インドネシア建国の父であるスカルノ大統領はイスラーム教徒だったが、若い頃から共産主義の影響を非常に受けている。伝記を読むと共産主義のほうに非常な好感を寄せていることがわかる。1960年代、北京―ジャカルタ枢軸により東南アジアで、マレーシア打倒などの革命を推進した。スカルノの路線が成功していたら、今や世界経済の成長セクターになっているASEAN諸国は存在しなかっただろう。
ところが、イスラーム教徒のスカルノだが、「好色、好戦、浪費、容共」と呼ばれる世俗的な生活に終始した。イスラーム教を利用したのは、「妻を4人まで持てる」というシャリーアの部分だけだった。周知のように第3夫人がデヴィ・スカルノ氏(日本人)である。

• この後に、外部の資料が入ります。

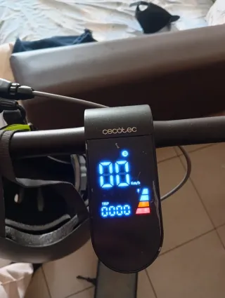 Patinete eléctrico Cecotec con pantalla digital. - Pantalla con información de velocidad y viaje. - Indicador de nivel de batería. - Diseño moderno.

スカルノはナサコム体制を作り上げて、権力を維持する。ナサコムとは民族主義、宗教(イスラーム教)、共産主義の合体したハイブリッド体制である。スカルノを支援した国は中国と日本(戦時賠償の名目で)である。この矛盾を抱えたナサコム体制は1965年の9月30日事件で崩壊する。世界史を変えた事件である。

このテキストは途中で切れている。